» EXERCISE GOAL: Exact copies of all the lines below are needed, without the pictures.

» DATA BLOCK:
:::
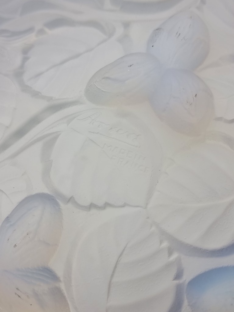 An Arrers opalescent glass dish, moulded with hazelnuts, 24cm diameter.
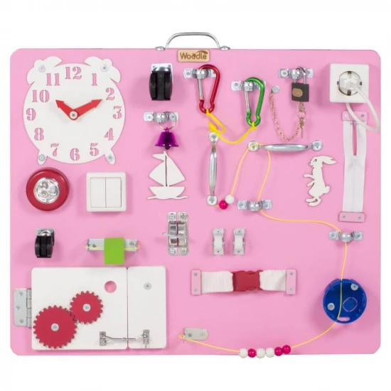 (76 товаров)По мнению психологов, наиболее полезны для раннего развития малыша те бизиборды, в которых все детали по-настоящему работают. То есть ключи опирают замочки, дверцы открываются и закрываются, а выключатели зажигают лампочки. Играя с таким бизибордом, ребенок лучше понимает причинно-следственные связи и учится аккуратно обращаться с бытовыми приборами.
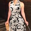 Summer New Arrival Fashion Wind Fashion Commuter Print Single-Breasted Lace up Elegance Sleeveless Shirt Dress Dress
:::
» REPLY TO THE EXERCISE:
 An Arrers opalescent glass dish, moulded with hazelnuts, 24cm diameter.
 (76 товаров)По мнению психологов, наиболее полезны для раннего развития малыша те бизиборды, в которых все детали по-настоящему работают. То есть ключи опирают замочки, дверцы открываются и закрываются, а выключатели зажигают лампочки. Играя с таким бизибордом, ребенок лучше понимает причинно-следственные связи и учится аккуратно обращаться с бытовыми приборами.
 Summer New Arrival Fashion Wind Fashion Commuter Print Single-Breasted Lace up Elegance Sleeveless Shirt Dress Dress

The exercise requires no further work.